With continued reference to FIG. 2, a flow 200 of one embodiment of a method of generating a text classification model according to the present application is shown. The method comprises the following steps:
step 201, a sample text set is obtained.
In this embodiment, the execution subject of the data normalization method (e.g., the terminal device or the server shown in fig. 1) may obtain the sample text set locally or remotely. Wherein the sample texts in the sample text set correspond to pre-labeled sample category information. The sample class information is used to characterize the class of the sample text. As an example, the sample category information may be represented by a vector, e.g., (1, 0, 0, 0, 0 …) for characterizing the sample text as belonging to the first class and (0, 1, 0, 0, 0 …) for characterizing the sample text as belonging to the second class.
Step 202, performing data cleaning on the sample texts in the sample text set to obtain a cleaned text set.

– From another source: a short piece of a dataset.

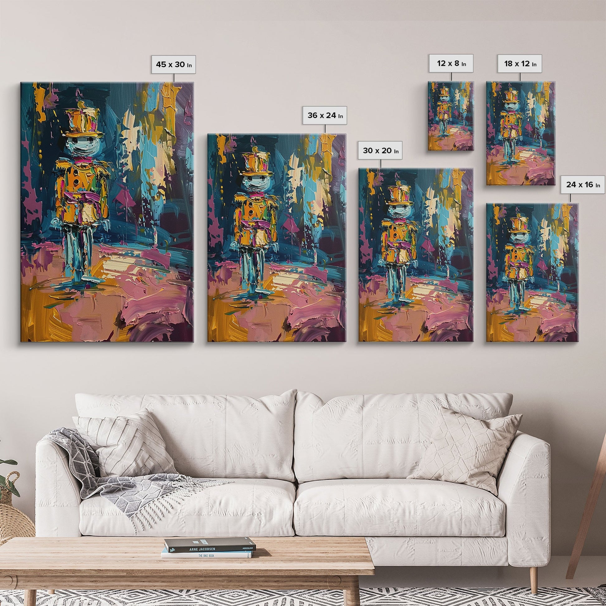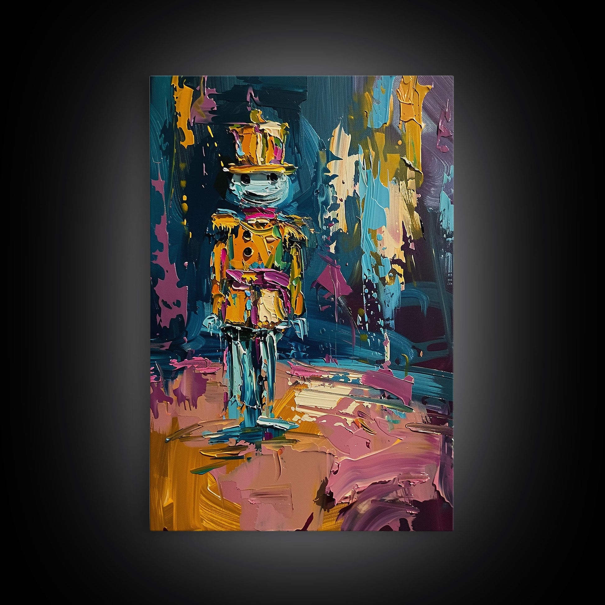 Colorful Skeleton Nutcracker Framed Canvas Print, Halloween Nutcracker Decor, Spooky Toy Art, Skeleton Wall Art, Haunted Nutcracker Print
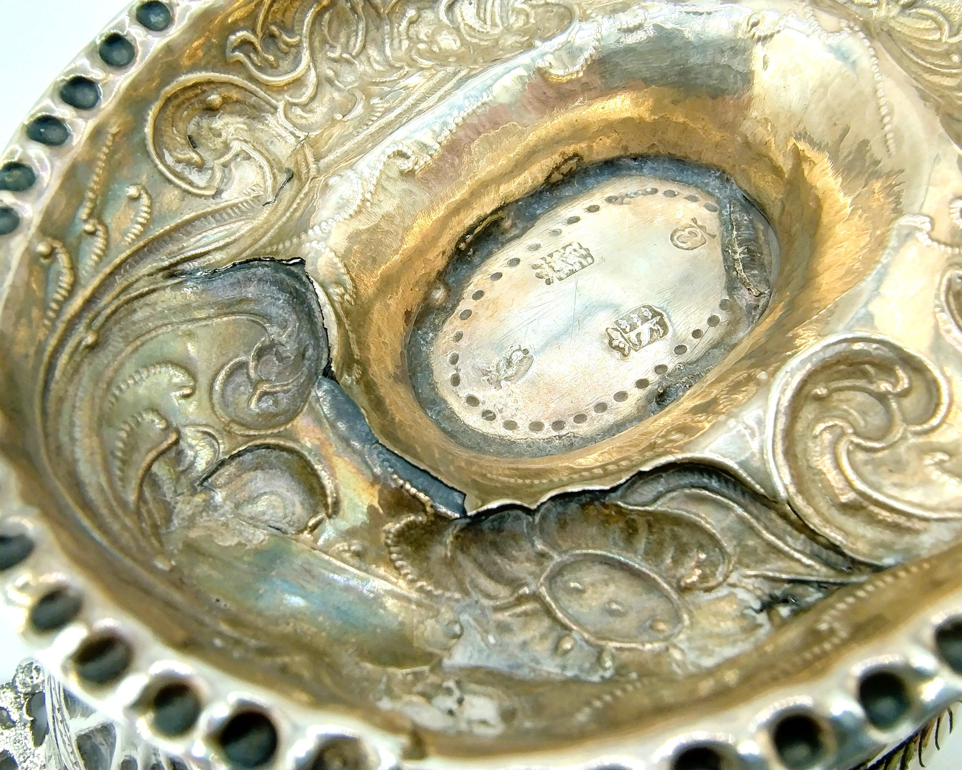 Es gibt einen kleinen Riss oben am Rand und einen weiteren Riss unten am Boden der Schale. Dieser ist nicht sichtbar, wenn die Schale steht. (Siehe auch die Fotos.)

In this embodiment, the execution subject may perform data cleaning on the sample text in the sample text set, so as to obtain a cleaned text set. The data washing is used for extracting the most critical information from the sample text, and the information can represent the category of the sample text.
The execution body may perform data cleaning in various ways, for example, removing various symbols in the sample text.
In some optional implementations of this embodiment, step 202 may be performed as follows:
for each sample text in the sample text set, performing the following steps:
step one, performing word segmentation on the sample text to obtain a word sequence corresponding to the sample text.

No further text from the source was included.